Your task is to copy the listing exactly. Drop any pictures from the copy.

Start of Stored data

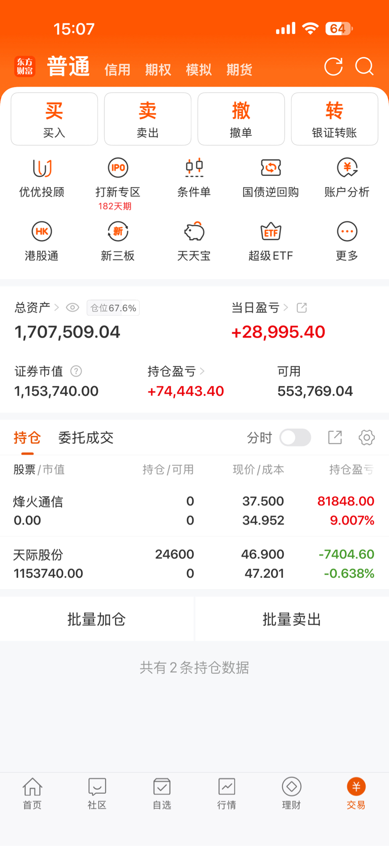 今天又是航天的表演秀,烽火今天盘中有很大抛压,不过一直在红盘还是挺好的,午后有超大单压盘还是突破上去了,最终38的位置全部清仓落袋为安了。随后指数跳水,感觉航天今天有高潮的意思,尾盘再次接回我的老朋友天际股份,今天虽跌破10日线,明天抛压预计会变少,等个反弹空间再走。$天际股份(SZ002759)$ $烽火通信(SH600498)$
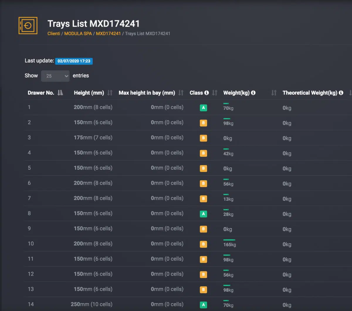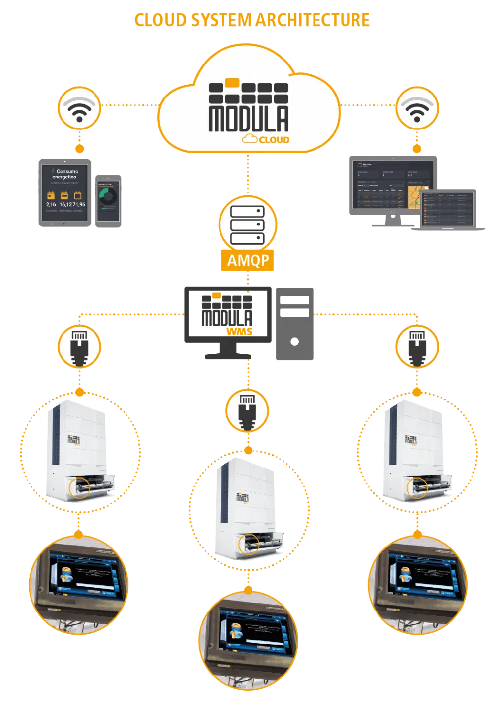 Modula Cloud是一个远程管理、支持和分析平台,可从您所有的自动仓储和管理系统中收集数据,无论它们实际位于何处。Modula Cloud是系统内置的并始终在线,在一个易于浏览的在线门户数据库中获取所有数据,用户可以从世界任何地方的使用任何设备终端安全地监测和管理操作。
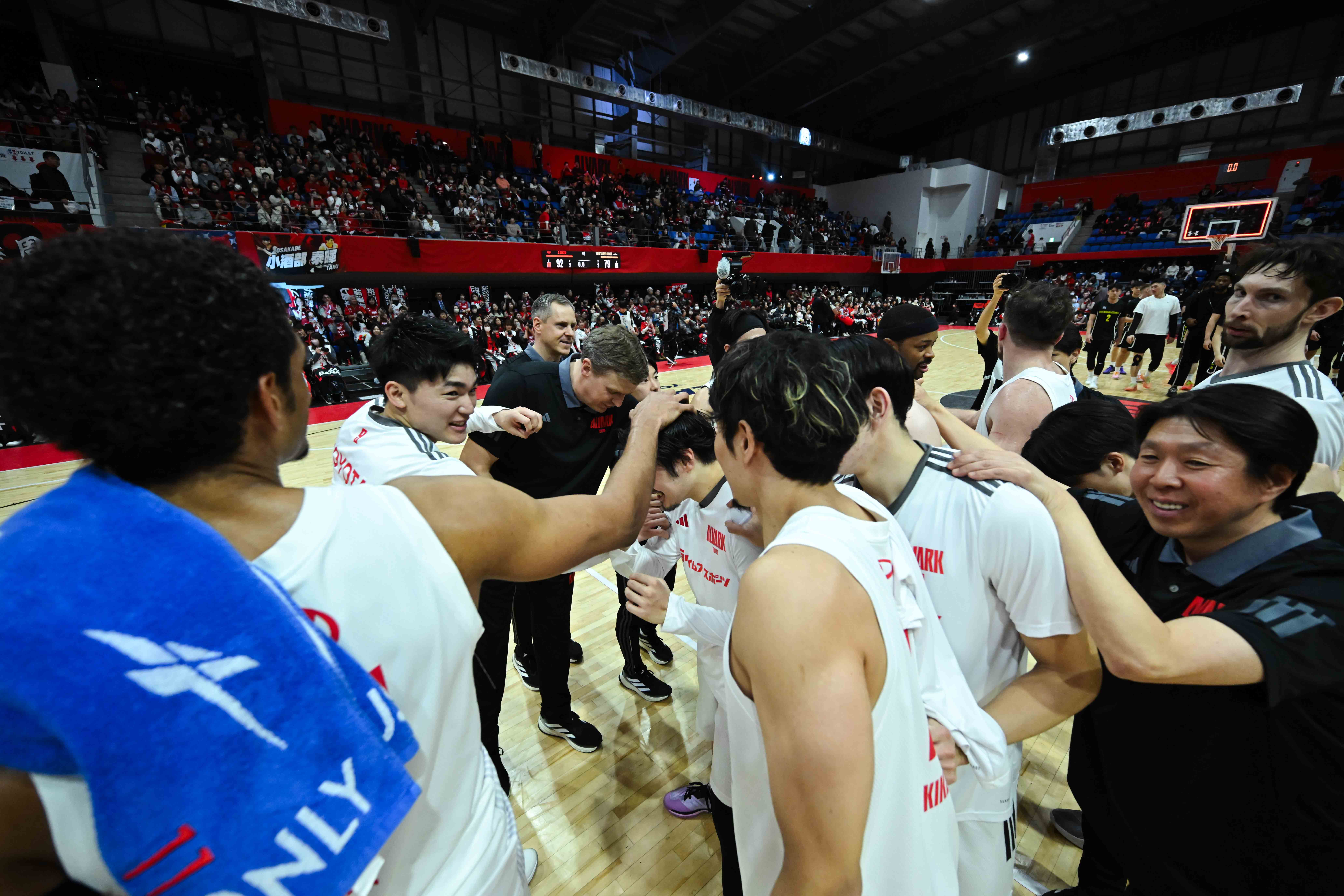 序盤は211cmの#52エリックを擁する相手のインサイドとアウトサイドに苦しみ一進一退の展開となるが、#11サイズと#2大倉の得点で流れを引き寄せる。前半終盤に追い上げを許すもリードを保って折り返すと、後半は#22ロシターの連続得点や#5中村の3ポイントで主導権を掌握。4Qも#2大倉がこの日4本目の3ポイントを沈めるなど攻撃の手を緩めず、30得点で突き放した。19点差の快勝で連勝を飾り、グループC首位に立った。

End of Stored data

* **Task result**:
 今天又是航天的表演秀,烽火今天盘中有很大抛压,不过一直在红盘还是挺好的,午后有超大单压盘还是突破上去了,最终38的位置全部清仓落袋为安了。随后指数跳水,感觉航天今天有高潮的意思,尾盘再次接回我的老朋友天际股份,今天虽跌破10日线,明天抛压预计会变少,等个反弹空间再走。$天际股份(SZ002759)$ $烽火通信(SH600498)$
 Modula Cloud是一个远程管理、支持和分析平台,可从您所有的自动仓储和管理系统中收集数据,无论它们实际位于何处。Modula Cloud是系统内置的并始终在线,在一个易于浏览的在线门户数据库中获取所有数据,用户可以从世界任何地方的使用任何设备终端安全地监测和管理操作。
 序盤は211cmの#52エリックを擁する相手のインサイドとアウトサイドに苦しみ一進一退の展開となるが、#11サイズと#2大倉の得点で流れを引き寄せる。前半終盤に追い上げを許すもリードを保って折り返すと、後半は#22ロシターの連続得点や#5中村の3ポイントで主導権を掌握。4Qも#2大倉がこの日4本目の3ポイントを沈めるなど攻撃の手を緩めず、30得点で突き放した。19点差の快勝で連勝を飾り、グループC首位に立った。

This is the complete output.